文摘Metal matrix composites (MMCs) as advanced materials, while producing the components with high dimensional accuracy and intricate shapes, are more complex and cost effective for machining than conventional alloys. It is due to the presence of discontinuously distributed hard ceramic with the MMCs and involvement of a large number of machining control variables. However, determination of optimal machining conditions helps the process engineer to make the process efficient and effec- tive. In the present investigation a novel hybrid multi-response optimization approach is proposed to derive the economic machining conditions for MMCs.
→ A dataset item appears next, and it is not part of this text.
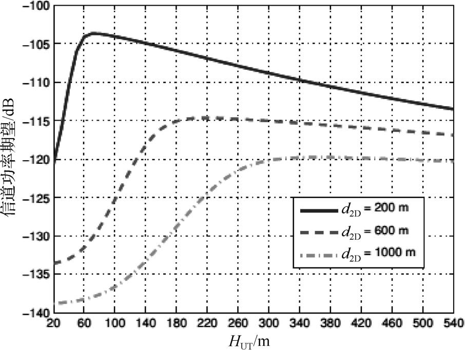 在给定 d 2D 的条件下,由于LoS链路概率的增加,信道功率期望先随 H UT 的增大递增,当LoS链路概率的增加不能弥补由链路距离变长带来的路径损耗增量时,信道功率期望开始随 H UT 的增大而递减。这种对无人机飞行高度的折中已被广泛用于无人机机载基站/中继布局的优化中。

This hybrid approach integrates the concepts of grey relational analysis (GRA), principal component analysis (PCA) and Taguchi method (TM) to derive the optimal machining conditions. The machining experiments are planned to machine A17075/SiCp MMCs using wire-electrical discharge machining (WEDM) process. SiC particulate size and its weight percentage are explicitly considered here as the process variables along with the WEDM input variables. The derived optimal process responses are confirmed by the experimental validation tests and the results show satisfactory. The practical possibility of the derived optimal machining conditions is also analyzed and presented using scanning electron microscope (SEM) examinations. According to the growing industrial need of making high performance, low cost components, this investigation provides a simple and sequential approach to enhance the WEDM performance while machining MMCs.